3. Il dono
"Tanti auguri a te, Tanti auguri a te, Tanti auguri Adriano... E la torta a me!" Con una piccola torta tra le mani entrò Carolina e al suo fianco le teneva delicatamente la vita Roberto mentre cantavano la canzone "Happy Birthday" nella loro lingua madre. Il piccolo Adriano aprì gli occhi azzurri vedendo i suoi genitori ai piedi del letto, e sulle sue labbra si disegnò un enorme sorriso che avrebbe potuto illuminare la stanza buia.
"Buon compleanno, mio dolce Adriano!", disse sua madre, girando intorno al letto e sedendosi accanto a lui.
"Esprimi un desiderio e spegni le candeline, figliolo", disse il padre, che annuì solennemente, un desiderio... Cosa poteva esprimere un bambino che poteva avere tutto così facilmente?
Alla fine le candeline furono spente e il padre applaudì dolcemente, si avvicinò alle tende delle finestre e le aprì per far entrare i caldi raggi del sole estivo. "Vestiti e facciamo colazione fuori, così potrai scegliere il tuo regalo di compleanno", proclamò l'uomo imponente con particolare entusiasmo per il compleanno del figlio, mentre si ritirava dalla stanza con la moglie che gli permetteva di prepararsi ad uscire.
Roberto e Carolina aspettarono in salotto che il figlio scendesse al piano di sotto, mentre discutevano a bassa voce di qualcosa che evidentemente non rendeva molto felice la moglie, il figlio dopo quasi 20 minuti iniziò a scendere le scale velocemente, ma si fermò quando sentì la voce angosciata della madre.
"Roberto. Per favore... è solo un bambino, non è ancora pronto, quello che è successo prima che venisse qui non è appropriato per un bambino della sua età, lasciamolo studiare a casa, non è pronto per andare a scuola con altri bambini..." chiedeva angosciata la madre.
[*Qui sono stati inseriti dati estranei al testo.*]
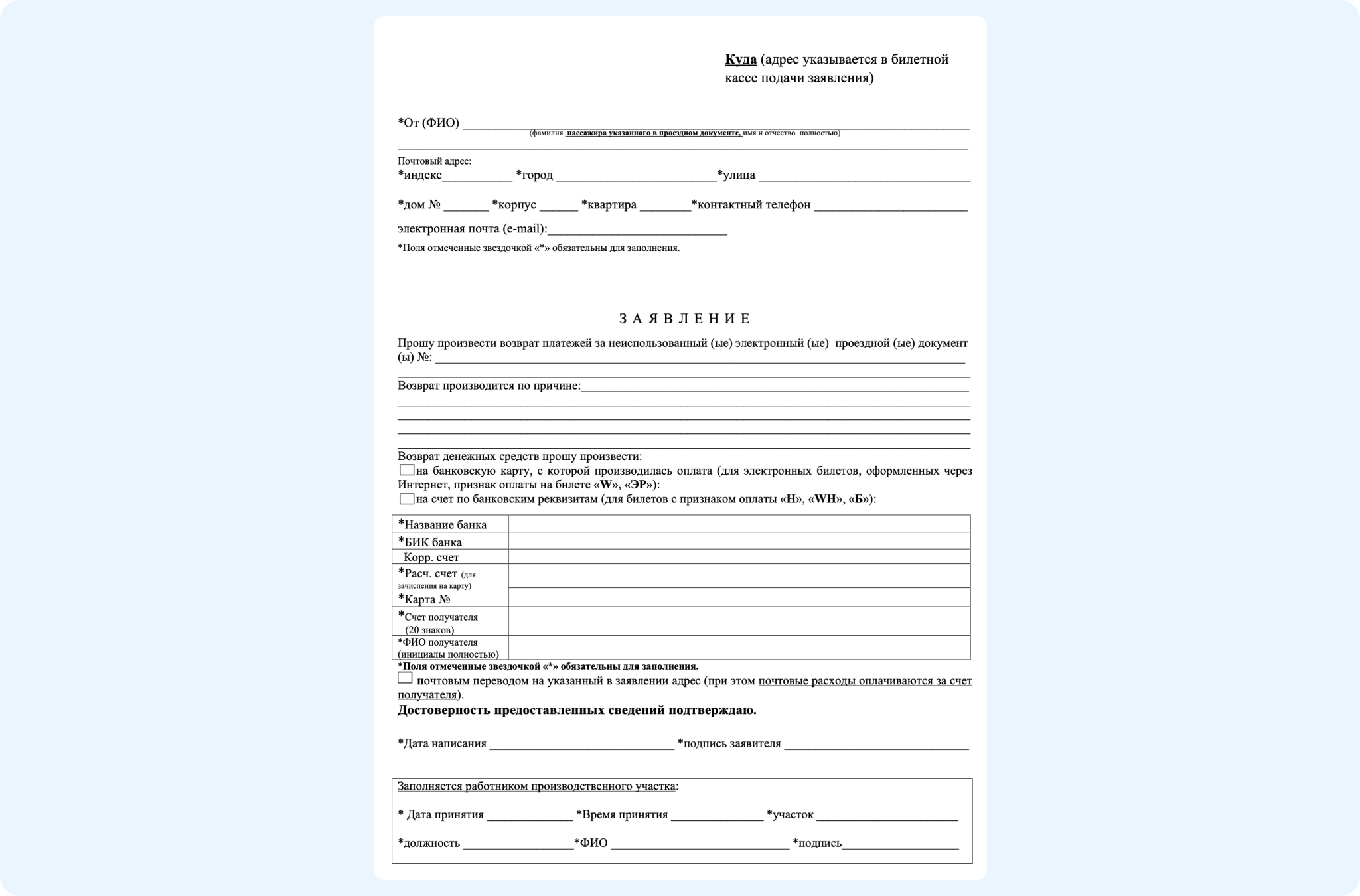 Для оформления возврата необходимо заполнить специальное заявление (бланк можно взять в кассе или заранее скачать на сайте РЖД) и передать его сотруднику вместе со следующими документами:

"Carolina Basta! È un Amato, per l'amor di Dio!", esclamò il padre con un tono brusco e tagliente che fece trasalire il piccolo italiano al suo posto, non poteva vedere la madre, ma conosceva perfettamente l'espressione di angoscia che doveva avere in quel momento, "L'abbiamo portato da questa parte del mondo perché potesse avere un'infanzia relativamente normale, non ho intenzione di rinchiuderlo qui a casa", disse infine il padre con un tono più conciliante, anche se non ci fu alcuna risposta da parte della madre.
"Voglio andare a scuola". Disse il ragazzino interrompendosi finalmente nel corridoio con un tono più fermo di quello che sentiva in realtà, nascondendo le mani nelle tasche della felpa, suo padre non avrebbe visto bene se avessero tremato anche solo un po', "Sto bene mamma." disse a sua madre con una voce estremamente calma che sorprese persino lui. Suo padre si limitò ad annuire con fredda approvazione.
Un'ora dopo la Famiglia Europea usciva dalla caffetteria dove aveva da poco fatto colazione, camminava tranquillamente lungo il viale principale guardando le vetrine e i negozi, qualche metro più indietro erano seguiti da alcuni uomini della guardia personale della famiglia, Carolina guardava un abito da uomo in vetrina e commentava al marito quanto sarebbe stato bene con quel colore grigiastro, Adriano, un po' annoiato, iniziò a camminare lungo la strada prendendo a calci una piccola pietra.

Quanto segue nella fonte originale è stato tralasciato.